### What you have to do
With the pictures omitted, output word for word the lines from the one containing "Czarny duży Hobby" through the end of the records.

(Stored items from a collection)
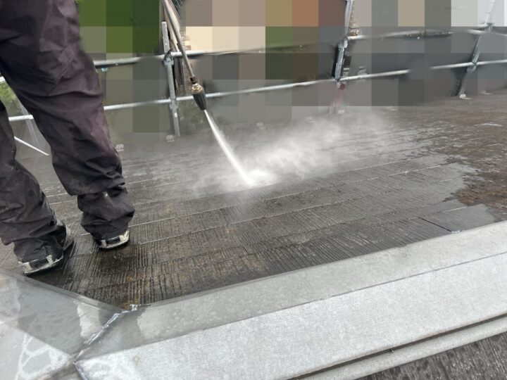 屋根カバー施工のため埃、苔を高圧の水で洗浄します。高圧洗浄
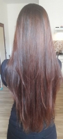 Moitié Khadi Rouge et moitié Khadi marron foncé , pose de 2h sur base châtain
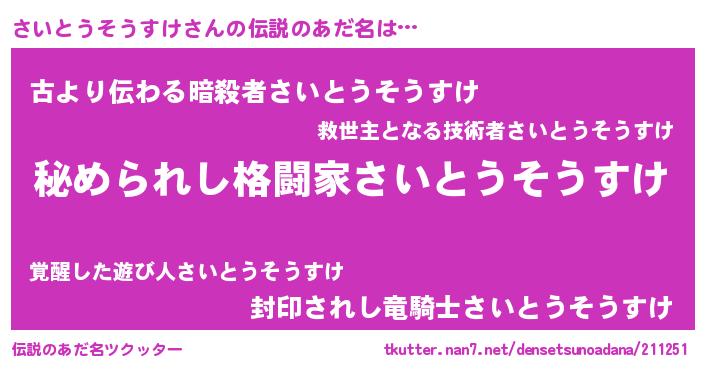 | ファンタジー風あだ名 | 『エターナルサイトウソウスケー』 |
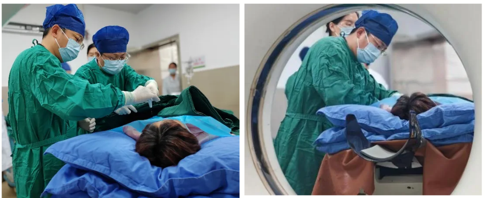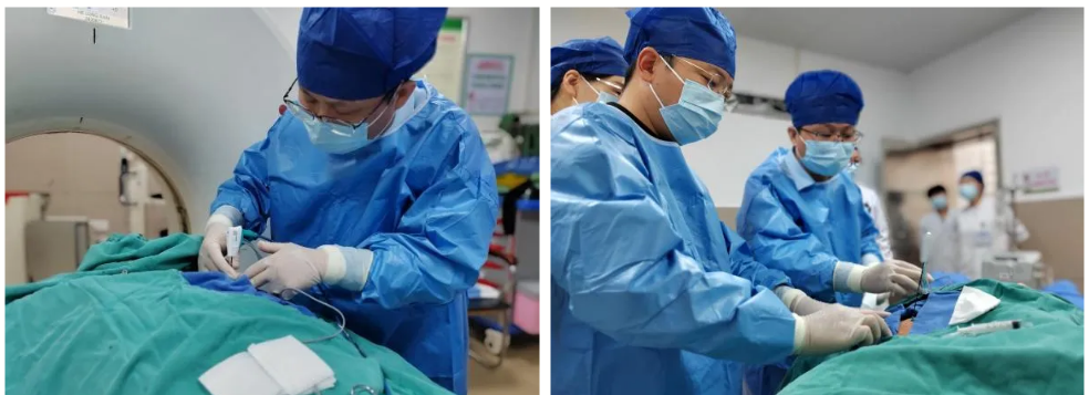 呼吸與危重癥醫(yī)學(xué)科三病區(qū)副主任醫(yī)師謝燦果、主管醫(yī)師李金林與患者及家屬溝通后,患者選擇經(jīng)皮微創(chuàng)手術(shù)——肺部腫瘤微波消融術(shù)。隨即完善術(shù)前準(zhǔn)備,局麻后在CT引導(dǎo)下將微波穿刺針穿透腫瘤,經(jīng)過低功率2個(gè)循環(huán)的微波消融治療,消融灶完全覆蓋腫瘤,以期達(dá)到近似外科手術(shù)的根治性治療效果。
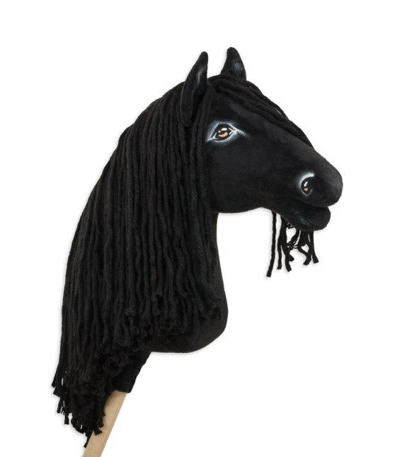 Czarny duży Hobby Horse fryzyjski z charakterystyczną bardzo długą i bardzo gęstą czarną grzywą. Grzywa jest ponad dwa razy dłuższa niż innych koni, gęsta, czarna.
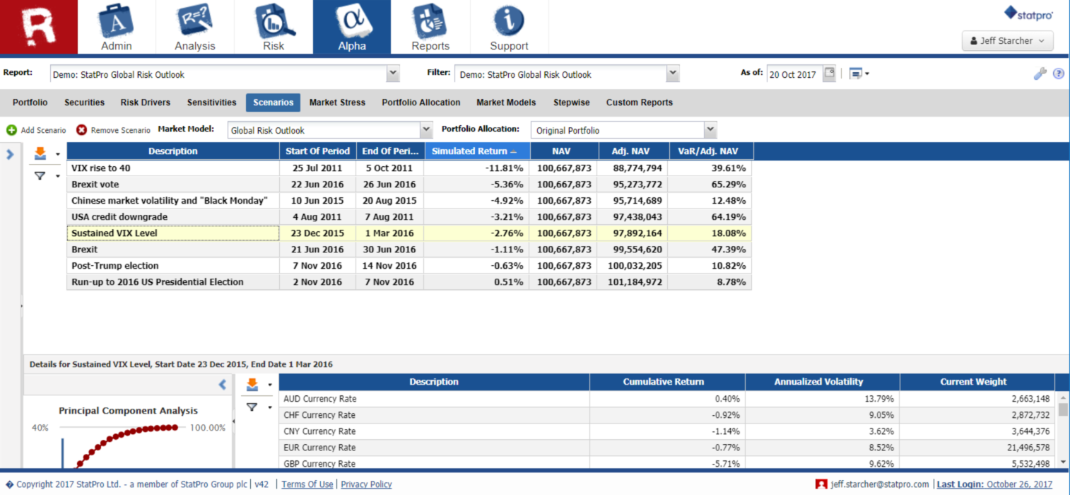Fig. 3: Scenarios pane within StatPro Alpha module

### Task output
 Czarny duży Hobby Horse fryzyjski z charakterystyczną bardzo długą i bardzo gęstą czarną grzywą. Grzywa jest ponad dwa razy dłuższa niż innych koni, gęsta, czarna.
Fig. 3: Scenarios pane within StatPro Alpha module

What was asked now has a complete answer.